The Queen praised the nation’s response to the coronavirus pandemic as she remembered Britain’s sacrifices during the Second World War on the 75th anniversary of VE day.

Elizabeth II paid tribute to the generations of both 1945 and 2020 in a pre-recorded televised address from Windsor Castle.

“When I look at our country today, and see what we are willing to do to protect and support one another, I say with pride that we are still a nation those brave soldiers, sailors and airmen would recognise and admire,” she said.

The speech was broadcast at 9pm – the same time as her father King George VI’s address to the nation on 8 May 1945.

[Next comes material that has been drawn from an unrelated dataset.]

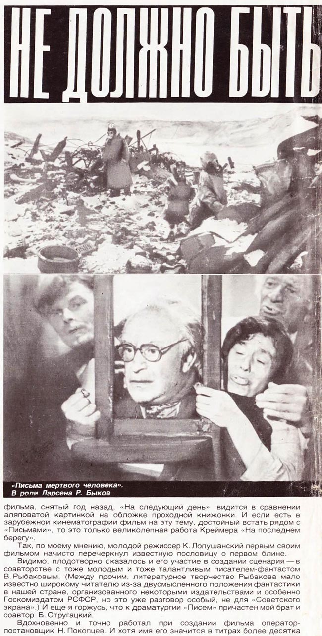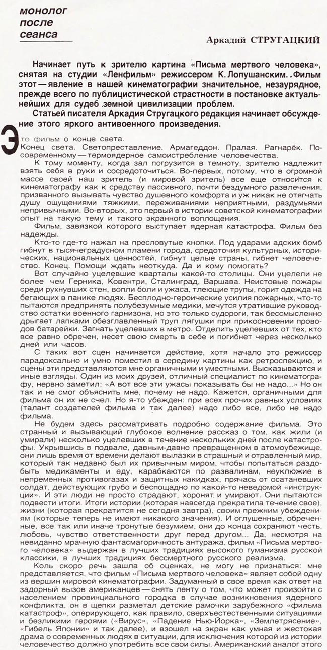 В журнале "Советский экран" (№ 17 за 1986 год, стр. 2-3) напечатана статья Аркадия Стругацкого об этом фильме. Так как журнал был полноценным таблоидом большого размера, то статью порезал на колонки:

It began with black-and-white footage of the king saying: “Let us remember the men of all the services and the women in all of the services who have laid down their lives. We have come to the end of our tribulation and they are not with us at the moment of our rejoicing.”

The Queen, then Princess Elizabeth, started the war as a schoolgirl but ended it in uniform as a junior commander with the Auxiliary Territorial Service.

“At the start, the outlook seemed bleak, the end distant, the outcome uncertain,” the Queen said in her message, sitting next to a photograph of her father in Windsor Castle.

“But we kept faith that the cause was right – and this belief, as my father noted in his broadcast, carried us through.

“Never give up, never despair – that was the message of VE Day.

“I vividly remember the jubilant scenes my sister and I witnessed with our parents and Winston Churchill from the balcony of Buckingham Palace.

“The sense of joy in the crowds who gathered outside and across the country was profound, though while we celebrated the victory in Europe, we knew there would be further sacrifice.”

Black-and-white footage was shown of the famous Buckingham Palace balcony moment when the Queen, her family and Sir Winston acknowledged the crowds.

“Many people laid down their lives in that terrible conflict,” the Queen said. “They fought so we could live in peace, at home and abroad. They died so we could live as free people in a world of free nations.”

She continued: “Today it may seem hard that we cannot mark this special anniversary as we would wish. Instead we remember from our homes and our doorsteps.

“But our streets are not empty; they are filled with the love and the care that we have for each other.”

After the broadcast, the nation was invited to open doors and windows and take part in sing-a-long of Dame Vera Lynn’s wartime anthem “We’ll Meet Again”.

It was the Queen’s second televised address during the coronavirus outbreak, following her speech to the country on 5 April.